Aromatic Korean Angelica Salad (Chamnamul Muchim)
Aromatic Korean Angelica Salad (Chamnamul Muchim)
How to Make a Deliciously Spicy and Tangy Korean Angelica Salad
This freshly tossed Korean Angelica salad (Chamnamul Muchim) is a delightful explosion of flavors and aromas. The unique, slightly herbaceous scent of chamnamul harmonizes beautifully with a spicy, tangy, and subtly sweet dressing, guaranteed to awaken your appetite and elevate any meal. It’s a perfect side dish that brings a burst of freshness and vibrant taste to your table.

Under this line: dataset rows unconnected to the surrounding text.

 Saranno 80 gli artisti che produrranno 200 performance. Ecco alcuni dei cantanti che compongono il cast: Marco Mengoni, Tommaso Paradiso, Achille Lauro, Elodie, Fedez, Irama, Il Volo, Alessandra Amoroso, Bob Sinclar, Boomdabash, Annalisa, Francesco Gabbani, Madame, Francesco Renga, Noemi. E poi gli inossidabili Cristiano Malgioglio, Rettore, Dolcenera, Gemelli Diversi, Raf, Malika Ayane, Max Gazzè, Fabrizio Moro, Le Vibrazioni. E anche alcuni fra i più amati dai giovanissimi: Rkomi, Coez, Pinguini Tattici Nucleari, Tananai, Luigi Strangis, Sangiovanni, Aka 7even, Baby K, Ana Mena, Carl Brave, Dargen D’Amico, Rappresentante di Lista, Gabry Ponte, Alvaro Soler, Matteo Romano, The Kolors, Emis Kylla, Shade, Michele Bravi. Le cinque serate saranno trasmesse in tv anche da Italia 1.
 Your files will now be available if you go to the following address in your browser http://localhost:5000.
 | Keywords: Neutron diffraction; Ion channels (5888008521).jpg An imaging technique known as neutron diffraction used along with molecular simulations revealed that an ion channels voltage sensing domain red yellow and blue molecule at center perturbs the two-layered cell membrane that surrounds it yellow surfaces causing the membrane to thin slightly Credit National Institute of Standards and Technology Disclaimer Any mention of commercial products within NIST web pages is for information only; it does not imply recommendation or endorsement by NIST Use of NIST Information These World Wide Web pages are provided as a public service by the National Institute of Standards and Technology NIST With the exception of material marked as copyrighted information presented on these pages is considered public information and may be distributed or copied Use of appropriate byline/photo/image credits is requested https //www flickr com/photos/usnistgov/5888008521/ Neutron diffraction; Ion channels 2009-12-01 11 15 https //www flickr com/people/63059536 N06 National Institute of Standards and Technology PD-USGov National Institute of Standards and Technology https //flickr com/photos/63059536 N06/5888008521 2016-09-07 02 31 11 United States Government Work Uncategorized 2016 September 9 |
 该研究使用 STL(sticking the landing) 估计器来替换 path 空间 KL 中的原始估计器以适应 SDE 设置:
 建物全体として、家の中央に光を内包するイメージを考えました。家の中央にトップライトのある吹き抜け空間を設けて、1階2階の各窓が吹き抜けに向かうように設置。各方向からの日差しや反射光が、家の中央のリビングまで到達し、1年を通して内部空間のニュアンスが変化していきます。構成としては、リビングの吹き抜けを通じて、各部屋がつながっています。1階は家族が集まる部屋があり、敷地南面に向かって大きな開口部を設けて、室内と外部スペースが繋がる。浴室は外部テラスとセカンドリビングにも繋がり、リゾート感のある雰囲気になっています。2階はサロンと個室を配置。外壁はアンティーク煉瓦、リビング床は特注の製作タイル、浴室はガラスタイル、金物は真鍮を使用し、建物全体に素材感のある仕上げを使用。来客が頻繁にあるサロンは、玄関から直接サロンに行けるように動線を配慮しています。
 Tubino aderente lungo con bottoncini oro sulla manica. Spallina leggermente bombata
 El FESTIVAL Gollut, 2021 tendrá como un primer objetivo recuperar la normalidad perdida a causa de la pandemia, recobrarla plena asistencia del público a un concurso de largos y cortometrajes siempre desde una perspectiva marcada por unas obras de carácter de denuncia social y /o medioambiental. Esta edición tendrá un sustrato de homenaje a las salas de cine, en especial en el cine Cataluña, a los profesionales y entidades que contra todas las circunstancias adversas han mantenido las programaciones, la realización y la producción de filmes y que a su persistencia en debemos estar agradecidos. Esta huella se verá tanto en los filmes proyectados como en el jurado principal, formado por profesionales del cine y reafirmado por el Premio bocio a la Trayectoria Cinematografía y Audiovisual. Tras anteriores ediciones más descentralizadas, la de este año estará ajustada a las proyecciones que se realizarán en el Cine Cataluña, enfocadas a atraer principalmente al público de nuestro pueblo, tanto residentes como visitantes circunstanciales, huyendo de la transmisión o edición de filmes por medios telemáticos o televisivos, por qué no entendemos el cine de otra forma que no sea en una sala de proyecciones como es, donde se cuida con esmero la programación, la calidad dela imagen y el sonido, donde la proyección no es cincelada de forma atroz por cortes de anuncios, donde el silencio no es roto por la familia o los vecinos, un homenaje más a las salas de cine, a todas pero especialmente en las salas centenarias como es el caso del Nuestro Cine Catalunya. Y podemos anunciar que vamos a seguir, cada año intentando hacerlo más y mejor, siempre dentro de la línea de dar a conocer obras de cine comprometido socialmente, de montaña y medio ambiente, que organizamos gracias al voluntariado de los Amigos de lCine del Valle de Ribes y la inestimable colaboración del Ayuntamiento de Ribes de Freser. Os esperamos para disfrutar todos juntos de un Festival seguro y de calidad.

Main Ingredients- 150g Korean Angelica (Chamnamul)
- 1/4 Onion
- 1/2 Apple
Cooking Instructions
Step 1
To ensure the chamnamul is clean and fresh, fill a bowl with enough water to submerge the greens. Add a few drops of vinegar to the water and gently rinse the chamnamul. This step helps to effectively wash away any dirt or residual pesticides.
Step 2
After rinsing in the vinegar water, gently swirl the chamnamul with your hands to thoroughly clean it. Rinse it again under clean running water, then place it in a colander. Gently pat or press out as much excess water as possible. It’s important to remove excess water, as it can dilute the dressing and make the salad less flavorful.
Step 3
Trim off the tough, woody ends of the chamnamul stems. Then, cut the leaves and tender stems into bite-sized pieces, about 5cm (2 inches) long. Ensure you’re cutting them into a manageable size for easy eating.
Step 4
Thinly julienne the onion and apple to add a delightful crunch and subtle sweetness to the salad. These additions will complement the herbaceous notes of the chamnamul.
Step 5
Now, let’s prepare the flavorful dressing that will bring this chamnamul salad to life. In a small bowl, combine the gochugaru, soy sauce, vinegar, brown sugar, plum extract, and minced garlic. Stir well until the sugar is dissolved and the dressing ingredients are thoroughly mixed.
Step 6
Place the cleaned chamnamul and the julienned onion and apple into a large mixing bowl. Make sure there’s enough space in the bowl to toss everything without crushing the delicate greens.
Step 7
Drizzle the prepared dressing evenly over the vegetables. Gently toss the salad using your fingertips or a light hand to coat everything evenly, being careful not to bruise the delicate chamnamul leaves. Once coated, drizzle with sesame oil for a nutty aroma and finish with a sprinkle of toasted sesame seeds. Avoid over-mixing, as it can wilt the chamnamul.
Step 8
Your fragrant Korean Angelica salad is ready! The delightful herbaceous aroma of chamnamul, combined with the perfectly balanced spicy, tangy, and slightly sweet dressing, creates a truly enjoyable culinary experience. This salad is a fantastic way to boost your appetite, especially during spring, and serves as a wonderful side dish or fresh wrap filling.